Two years ago, I used. NET 2.0 as a reverse proxy server. Over the past two years, I have been constantly modifying bugs and optimizing performance, greatly improving availability. I have encountered a functional requirement recently and cannot find an effective solution. I have to come and consult with you.
Let's talk about the working mechanism of reverse proxy first.
1. When the client accesses the reverse proxy through a browser, an HTTP request is sent. When the reverse proxy receives the TCP connection, create a new session to process this request (beginaccept, endaccept );
2. The session object establishes a delegate for receiving data from the client and starts to asynchronously read data (beginread );
3. When data is obtained, it enters the callback function for asynchronous reading and starts to process data (endread );
4. Check whether the connection between the reverse proxy and the server has been established. If no connection is established, you must first establish a connection (connectserver) and establish an Asynchronous Server read delegate (beginread );
5. Write Data to the server asynchronously (beginwrite );
6. Recreate the client asynchronous read delegate (beginread) and return to 3;
7. When receiving the data returned by the server, the data is asynchronously written to the client (beginwrite) after processing );
8. Re-establish the server asynchronous read delegate (beginread) and return to 7;
All data transmission is completed asynchronously, but data processing needs to be written for the business at 3 and 7.CodeYou can.
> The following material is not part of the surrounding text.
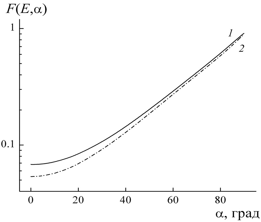Во всем диапазоне углов падения коэффициент отражения F(E, α) превышает несколько процентов. При увеличении угла падения α коэффициент отражения F(E, α) монотонно возрастает и стремится к единице при скользящих углах падения α → 90°. Уменьшение коэффициента F(E, α) с увеличением энергии E в области небольших α объясняется уменьшением потока электронов в поверхностных слоях мишени. Коэффициент отражения при падении электронов вдоль нормали к поверхности F(E, α = 0) уменьшается при увеличении энергии электрона (рис. 1). Эта особенность характерна для всех материалов от бериллия до урана [7]. Количество электронов, отраженных углеродной мишенью с энергией E < 50 кэВ, превышает 5% во всем диапазоне углов падения.

In fact, for reverse proxy, you only need to process the data sent from the client. You need to replace the HTTP Host header with the actual server, and for the server response data, you only need to send it to the client as it is.
In step 3, we only know that the data sent from the client is received, but we do not know whether the data is an HTTP request header or a complete HTTP request header. Fortunately, for reverse proxy, you do not need to worry about whether it is a complete HTTP Request Header. You only need to check whether it is an HTTP request header. If yes, modify the host. Here, I assume that the first packet in the HTTP request must be an independent packet and will not "stick" to the end of the last data packet in the TCP connection, in this way, you can directly use the format specified by the HTTP protocol to check whether the packet is an HTTP request header. Although this assumption has no basis, it is indeed very effective.
ProgramAfter two years of work, there is no problem.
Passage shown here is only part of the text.